To achieve the above object, the present invention provides movement data for instructing the position of an operating part of a robot, and a function command or the functional command for instructing in which state the operating part of the robot is. When performing the robot's backward stroke by using a data block group for the robot's forward stroke, which consists of multiple consecutive data blocks consisting of function data including data that means that there is no If not, the second data profile immediately before the first data profile is
, and if there is a first functional instruction in the first data block, the instruction is executed based on the movement data in the first data block.
It is determined whether a second function command in a data block near the data block matches the first function command, and if the first function command and the second function command match, the state of the operating part of the robot is determined. execute an instruction based on the movement data in the second data block without changing the second data block, and if the first functional instruction and the second functional instruction do not match, execute the second functional instruction after executing the second functional instruction. The instructions based on the movement data in the data block are executed, and the above control is repeated sequentially to trace the data block group for the forward process in the reverse direction, and finally, the data blocks in the first data block of the forward process are The present invention is characterized in that the backward stroke is completed at the time when the command based on the movement data of is executed.

Next, preferred embodiments of the robot control method according to the present invention will be described in detail with reference to the accompanying drawings.

The flowchart of FIG. 3 shows the basic flow of subroutines programmed into a computer to carry out the method of the present invention on data blocks relating to the position and opening/closing of the robot's hand. Therefore,
Next, the process will be explained along the flowchart shown in FIG. 3.

When starting the backward stroke from data block X, first,
It is determined whether or not it is X-1 (STPa). However, in this case, X means the data block number. That is, in step a, it is determined whether data block X is the first data in the forward process. If X is not 1 in step a, it is determined whether there is an open/close command in data block X (STPb).

Therefore, if there is no open/close command for data block X, step i, which will be described later, is executed.

On the other hand, if an open/close command exists in data block X, the open/close command for data block X is read into a first register in the computer (STPc).

Next, as Y-X (STPd), it is determined whether the data block immediately before the cheater block X, that is, the data block (Y-1), has an open/close command (STP
e). In step e, data block (Y-1)
If there is an open/close command in that data block (Y-
1) Read the open/close command into the second register (STPf
). Therefore, it is determined whether the open/close command read into the second register in step C matches the open/close command read into the second register in step f (S
TPg). If the two opening/closing instructions compared in step g do not match, the opening/closing instruction for the second register is output (STPh).

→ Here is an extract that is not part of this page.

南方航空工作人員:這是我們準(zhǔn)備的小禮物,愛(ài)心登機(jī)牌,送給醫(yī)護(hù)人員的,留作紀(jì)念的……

That is, the hand opens and closes in step h.

Next, in order to move the hand that has been at the position of the movement data of the cheetah block X up to this point to the position corresponding to the movement data of the data block immediately before data block (STPi). That is, step i moves the hand to the previous position. Note that if the two opening/closing commands compared in step g match, step i is executed following step g. Furthermore, if there is no open/close command in the data block (Y-1) in step e, it is determined whether the data block (Y-1) is Y-1-1 (STPj
).

If Y-1 is not 1 in step j, then (S
TPk), execute again from step e. That is, if there is no opening/closing command in the data block immediately before data block X, the data blocks are examined one after another in the reverse direction of the forward movement until it is determined in step e that an opening/closing command exists. Following step i, in order to continue the backward process from the data block (X-1),
X=X-1 (5TPl), and execute again from step a. Then, when X=1 is finally reached in step a, the backward stroke is completed.

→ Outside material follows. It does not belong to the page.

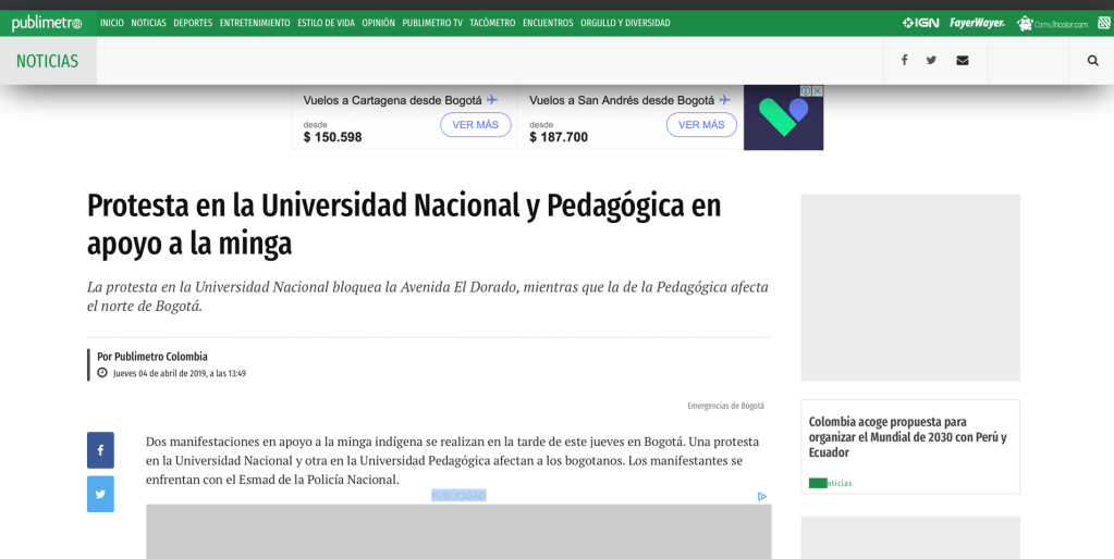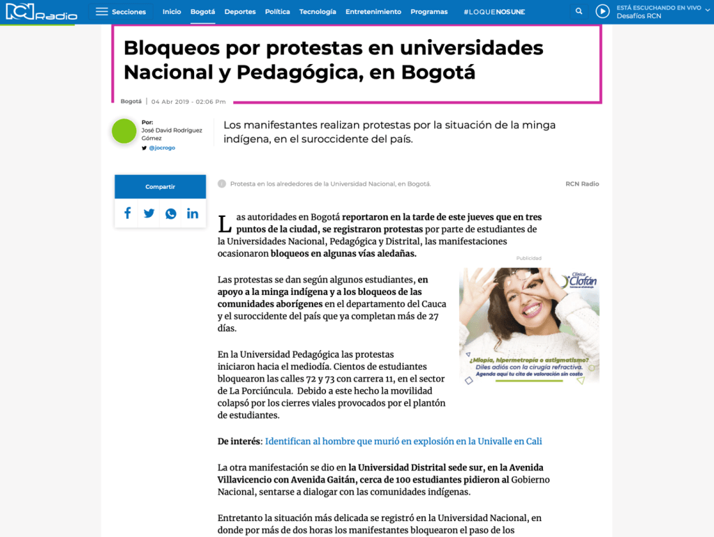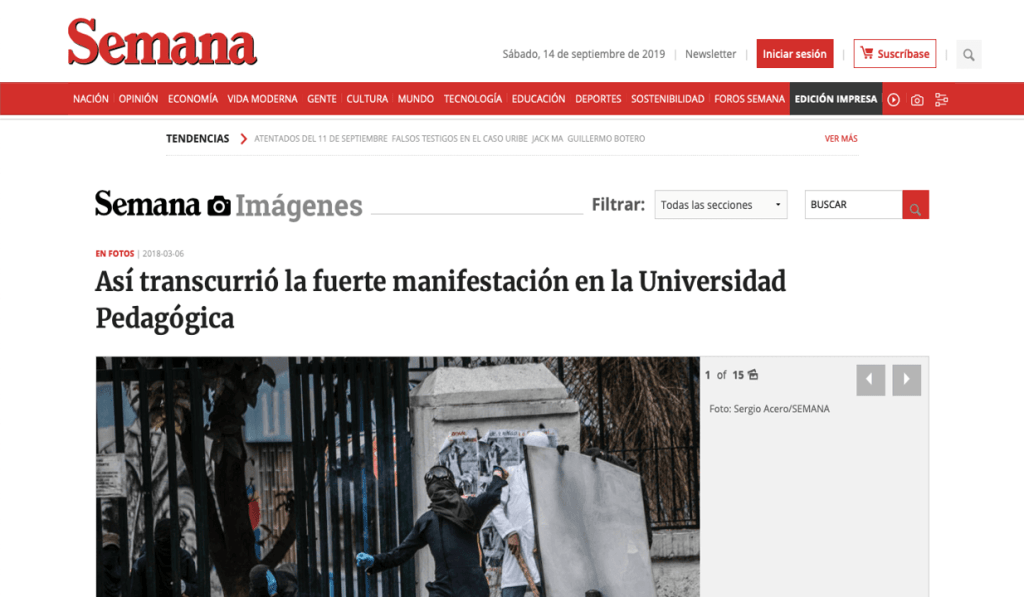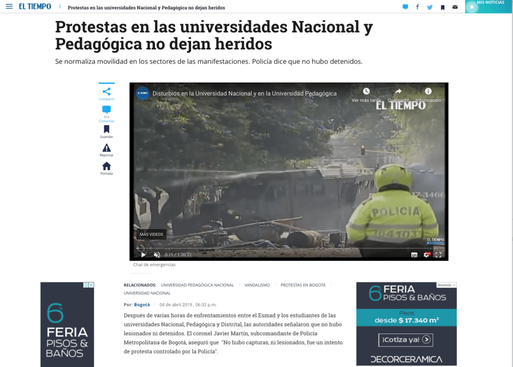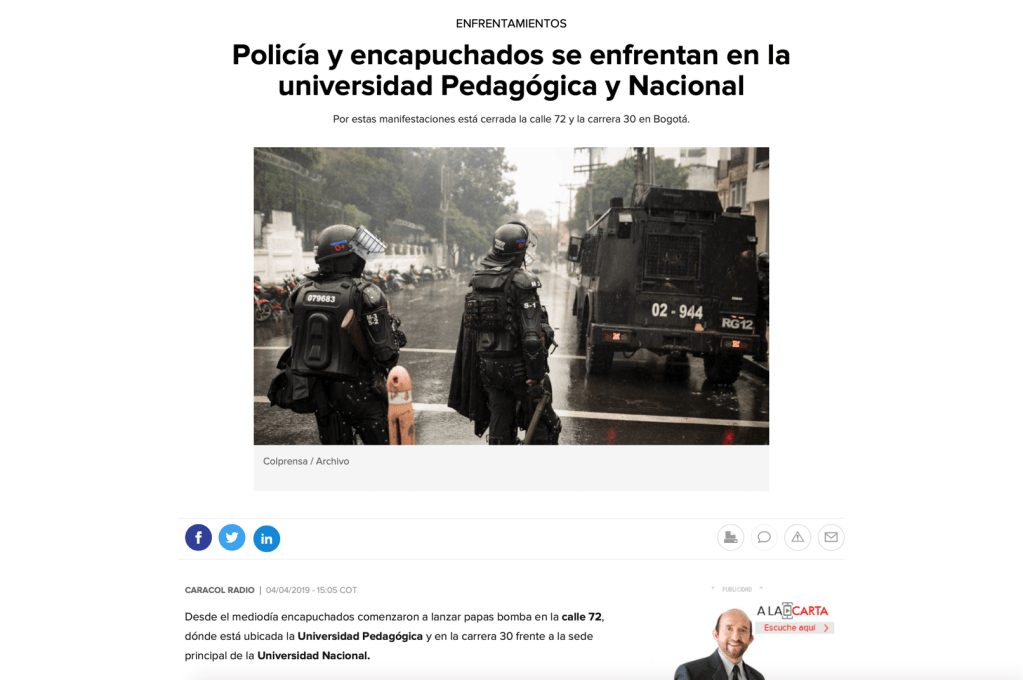28 de febrero, 12 de marzo, 4 de abril, 9 de mayo, 28 de mayo, 12 y 13 de junio de 2019. En RCN Radio, El Tiempo, El Espectador, Caracol, Costa Noticia, Publímetro, Conexión Capital, Red+, Semana, Pulzo, entre otros medios de comunicación, circularon noticias con titulares como: Bus del SITP quedó destrozado por disturbios en la Universidad Pedagógica; Fuertes disturbios en la Universidad Pedagógica en Bogotá; Protestas en las universidades Nacional y Pedagógica no dejan heridos; Intensos disturbios en la Pedagógica y la Universidad Nacional en Bogotá están siendo atendidos por el Esmad; Bloqueos por protestas en universidades Nacional y Pedagógica en Bogotá; Protesta en la Universidad Nacional y Pedagógica en apoyo a la minga; Policías y encapuchados se enfrentan en la Universidad Pedagógica; Nada justifica la violencia, ni dentro ni fuera de la universidad; Caos y afectación a negocios por pedrea en la Universidad Pedagógica; Grave situación de orden público en la Universidad Pedagógica; Disturbios paralizaron la movilidad en inmediaciones de la Universidad Pedagógica. Se registran nuevos disturbios en cercanías a la Universidad Pedagógica; Se volvió costumbre: estudiantes de la U. Pedagógica se enfrentan al Esmad.

The robot control method according to the present invention is basically carried out according to the steps described above. Next, a backward stroke from the data block 7 executed by applying this robot control method to the data block group shown in FIG. 1 will be explained. Note that the backward stroke to be described next is shown as a second backward stroke in FIG.

In this case, at position G, which is the final position of the forward movement,
Hands are open. First, since it is X-7, step b is executed following step a. data block 7
Since there is no opening/closing command, the judgment result in step b is NO.
and step i is executed. That is, the hand moves to position F of data block 6 while maintaining the open state of the hand. Following step i, X-6 is set in step l, and steps a and b are executed again. Since data block 6 has an opening/closing command, the determination result in step b is YES, and in step C, data instructing to open the hand of data block 6 is read into the first register. Next, through step d, it is determined in step e whether or not there is an open/close command in the data block 5. Since the result of this determination is YES, step f is executed. That is, the data instructing hand closure in data block 5 is read into the second register. and,
In step g, it is determined whether the open/close command for data block 6 and the open/close command for data block 5 match;
The result of this determination is No. Therefore, step h outputs the hand close command of data block 5, and the hand closes at position F. Next, the hand moves to position E of data block 5 in step i. Furthermore, X-5 is set in step 1, and steps a and b are executed.

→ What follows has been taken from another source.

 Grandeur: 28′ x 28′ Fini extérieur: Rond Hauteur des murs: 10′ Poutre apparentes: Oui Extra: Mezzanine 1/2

Since data block 5 has an open/close command, step b
The result of the determination is YES, and in step C, the hand close command of data block 5 is read into the first register. Further, since data block 4 has an open/close command, the determination result in step e is YES, and step f reads the hand close command in data block 4 into the second register. Therefore, in step g, data block 5 is
It is determined whether the opening/closing command of the data block 4 matches or not, and the result of this determination is YES. Therefore, following step g, step i is executed. That is,
The hand moves from position E to position while remaining closed.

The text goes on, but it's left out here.